The truth is greater than all of this. Elections and electioneering are big business in America. The presidential campaign is effectively a four-year cycle. For example, from the time that President Obama was elected to Senator Mitch McConnell’s declaration that the single most important thing the Republicans wanted to achieve was that he be a one-term president, the campaign for 2012 was on. As President Clinton’s term came to an end, there was rampant speculation that Hillary Clinton would run for a Senate seat in New York—never mind that she had not once been a resident of New York State—and would eventually be the Democratic Party’s candidate in 2004 or 2008. Similarly, Elizabeth Warren was touted as a Senatorial candidate while still a professor at Harvard Law School and as a presidential candidate when she became Senator.
The point is that campaigns start early and aside from presidential nominees, those competing in primaries have to raise money. Even as President Biden was inaugurated, there was speculation that Donald Trump would run a third time. And now there is talk that Governor DeSantis of Florida is a likely challenger.

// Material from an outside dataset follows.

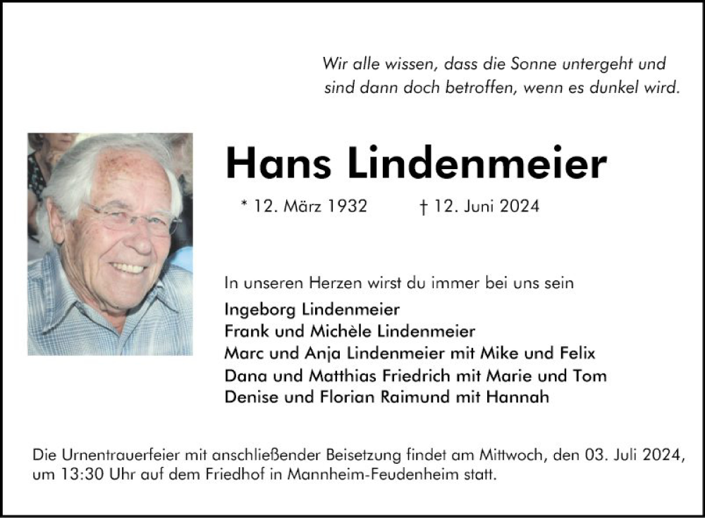 Hier finden Sie alle Traueranzeigen aus der Zeitung, die bisher für Hans Lindenmeier erschienen sind. Weitere Traueranzeigen, die in der Zeitung erscheinen, werden hier ebenfalls aufgelistet

But the election industry is bigger than that. The impact on television, radio, and other media outlets is palpable from advertising dollars to content generation, talk shows, analysis, commentary, national debates, and more. From campaign advisors and strategists, to pollsters, fund-raisers, communications strategists, advertising professionals, speechwriters, and media types, there is a huge swath of people earning a living off the election cycle. If it contributes a few billion dollars to GDP, that is not something to be dismissed or to be wary of.
To keep all this in perspective, we might reflect on the fact that last Sunday’s Super Bowl was projected to generate some $7.6 billion worth of bets from gamblers.
A gamble on our nation’s future with a combined $2.4 billion spent by nonprofits, and $4.4 billion by them and the two major candidates combined, doesn’t seem all that much in context, does it?
It’s all a part of the business of Democracy. Perhaps we should focus on whether we produce results that are any better or worse than we see around the world. Putting aside the phony “democratic” elections in places like China, Russia, Iran, Belarus, Turkey, etc., if we compare the recent Prime Ministers of England, India, Israel, Australia or Canada, or the recent presidents of France or any number of countries, we may not be getting more bang for our buck, but a lot of people make a living off this hocus pocus in the U.S.